Only the lines from the line that contains "새누리당을 탈당한 진영" through the final line of the entries below belong in your answer, copied exactly and without pictures.

*** DATASET EXCERPTS ***

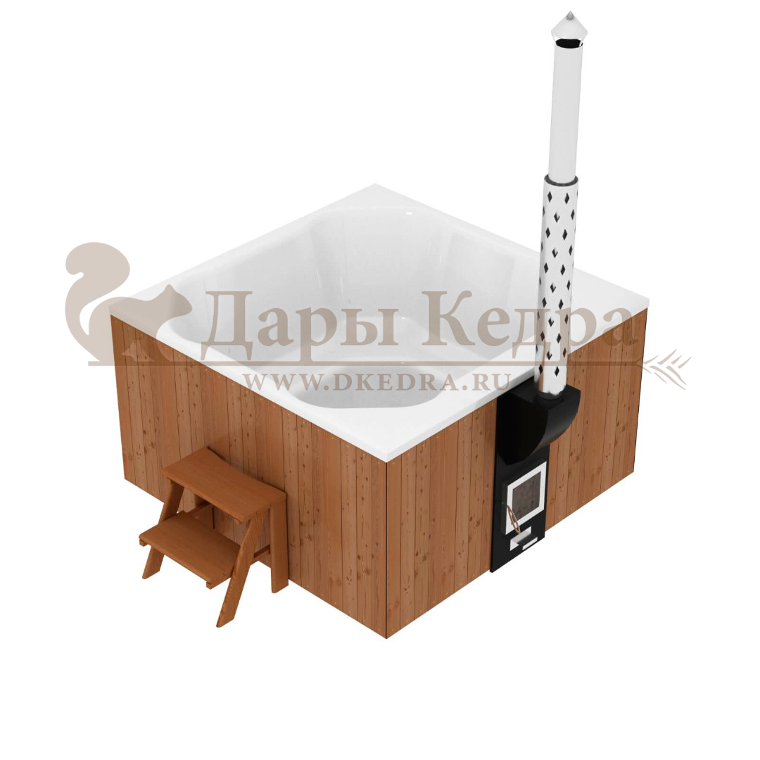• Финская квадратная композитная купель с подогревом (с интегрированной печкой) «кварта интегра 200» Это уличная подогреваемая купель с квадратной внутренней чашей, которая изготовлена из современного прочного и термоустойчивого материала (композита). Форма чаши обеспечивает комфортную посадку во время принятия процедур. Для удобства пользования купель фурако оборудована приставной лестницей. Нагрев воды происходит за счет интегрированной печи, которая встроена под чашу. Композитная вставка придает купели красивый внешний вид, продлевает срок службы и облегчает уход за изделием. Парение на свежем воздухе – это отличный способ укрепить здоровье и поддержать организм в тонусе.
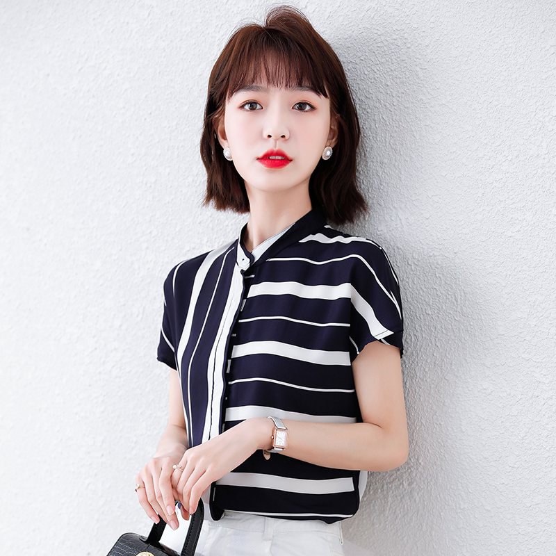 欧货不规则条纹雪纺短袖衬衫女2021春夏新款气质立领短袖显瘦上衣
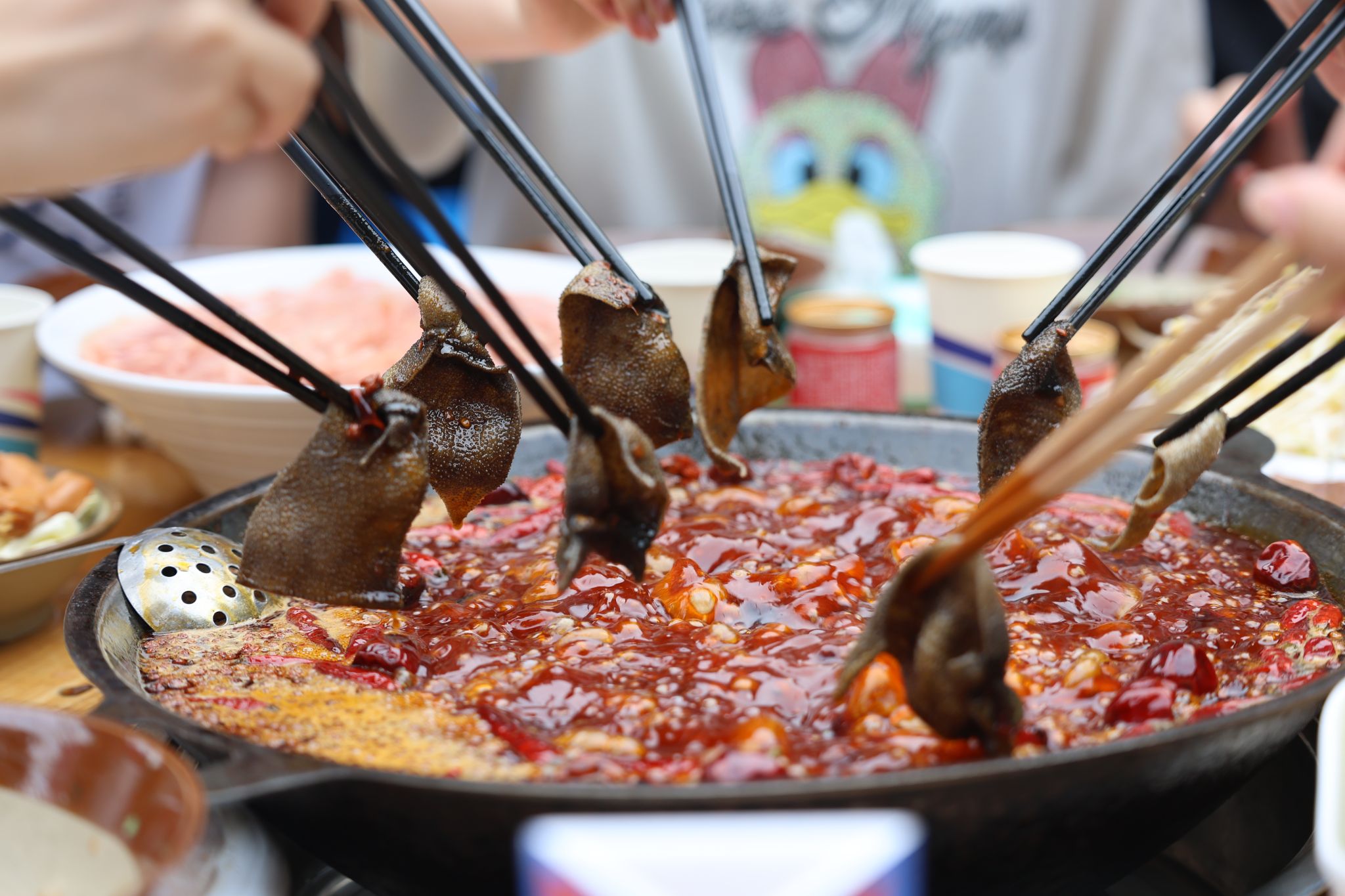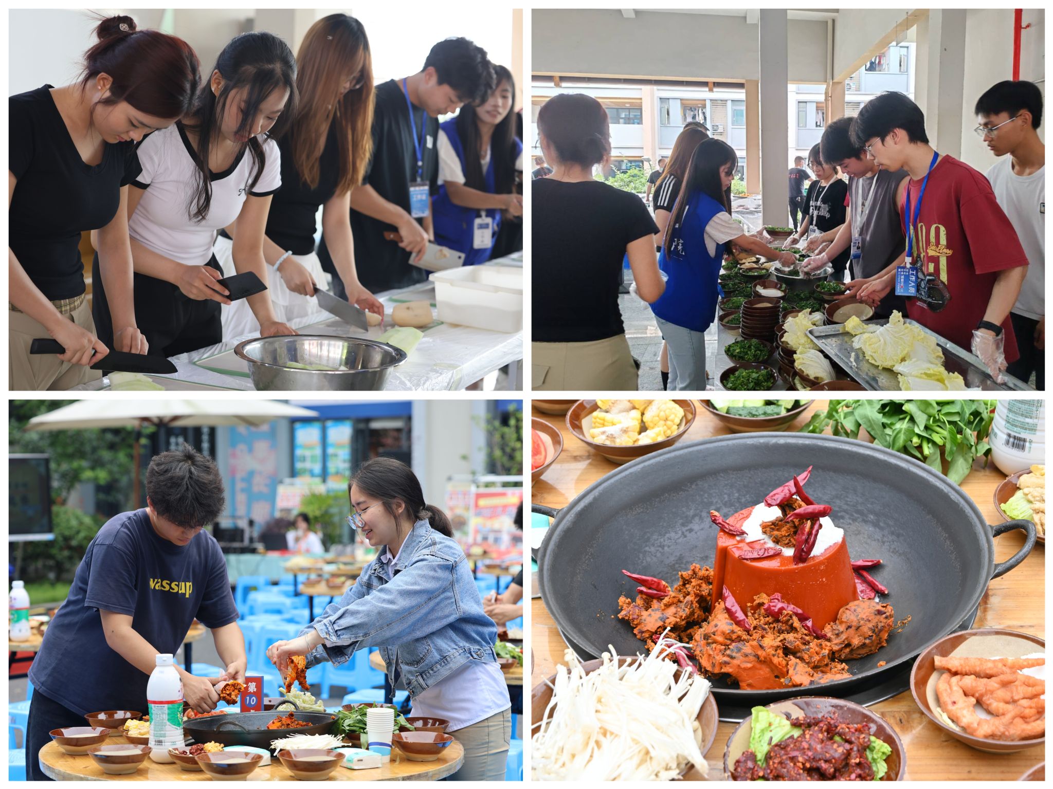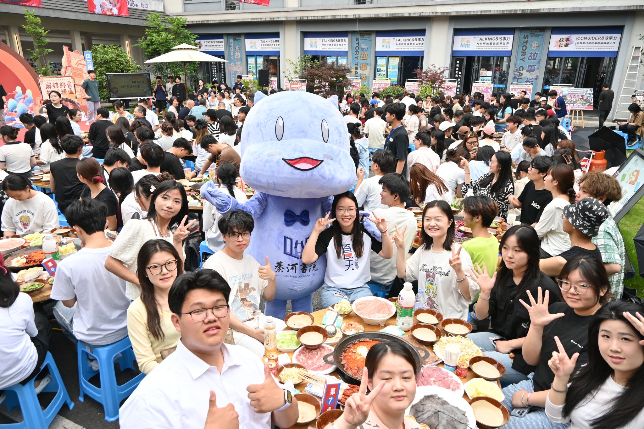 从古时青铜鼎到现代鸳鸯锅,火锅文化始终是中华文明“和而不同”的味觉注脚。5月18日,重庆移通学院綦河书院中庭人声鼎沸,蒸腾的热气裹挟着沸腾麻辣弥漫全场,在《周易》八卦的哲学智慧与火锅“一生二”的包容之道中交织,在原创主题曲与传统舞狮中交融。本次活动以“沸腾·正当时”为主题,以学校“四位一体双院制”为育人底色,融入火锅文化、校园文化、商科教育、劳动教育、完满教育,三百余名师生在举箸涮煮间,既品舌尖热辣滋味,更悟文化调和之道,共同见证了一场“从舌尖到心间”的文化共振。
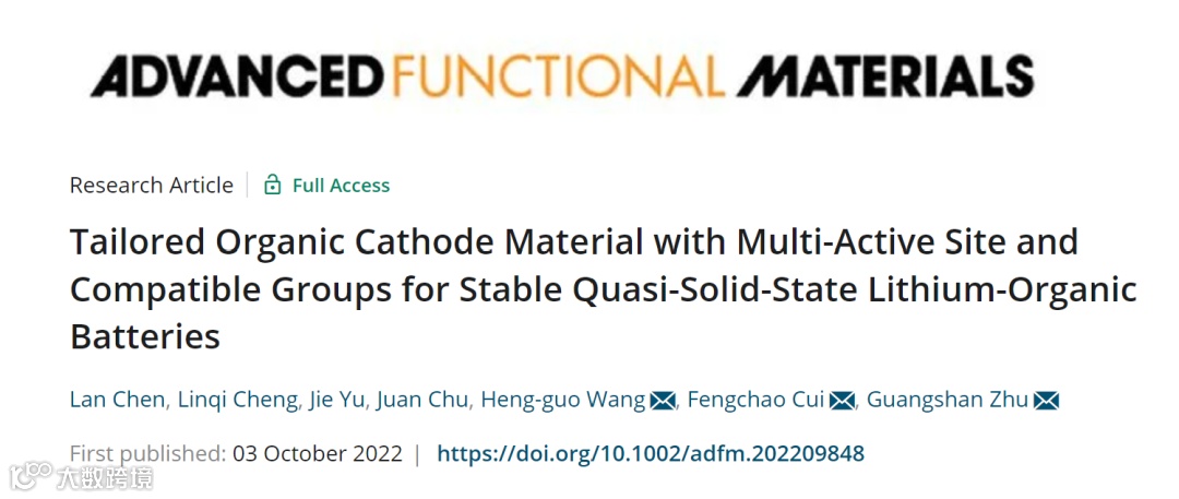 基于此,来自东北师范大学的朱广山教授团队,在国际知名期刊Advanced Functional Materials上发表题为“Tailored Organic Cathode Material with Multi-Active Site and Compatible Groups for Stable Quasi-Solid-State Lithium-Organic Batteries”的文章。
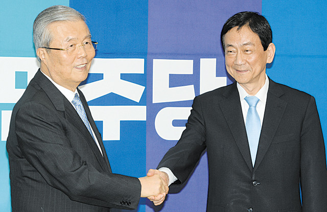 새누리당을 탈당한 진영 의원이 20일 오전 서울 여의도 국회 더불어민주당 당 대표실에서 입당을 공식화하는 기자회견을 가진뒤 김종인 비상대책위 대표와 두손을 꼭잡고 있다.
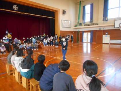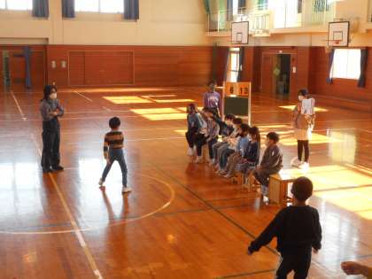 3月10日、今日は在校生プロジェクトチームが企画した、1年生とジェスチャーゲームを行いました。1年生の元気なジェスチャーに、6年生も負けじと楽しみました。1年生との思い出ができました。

*** End of DATASET EXCERPTS ***

WRITTEN REPLY
 새누리당을 탈당한 진영 의원이 20일 오전 서울 여의도 국회 더불어민주당 당 대표실에서 입당을 공식화하는 기자회견을 가진뒤 김종인 비상대책위 대표와 두손을 꼭잡고 있다.
 3月10日、今日は在校生プロジェクトチームが企画した、1年生とジェスチャーゲームを行いました。1年生の元気なジェスチャーに、6年生も負けじと楽しみました。1年生との思い出ができました。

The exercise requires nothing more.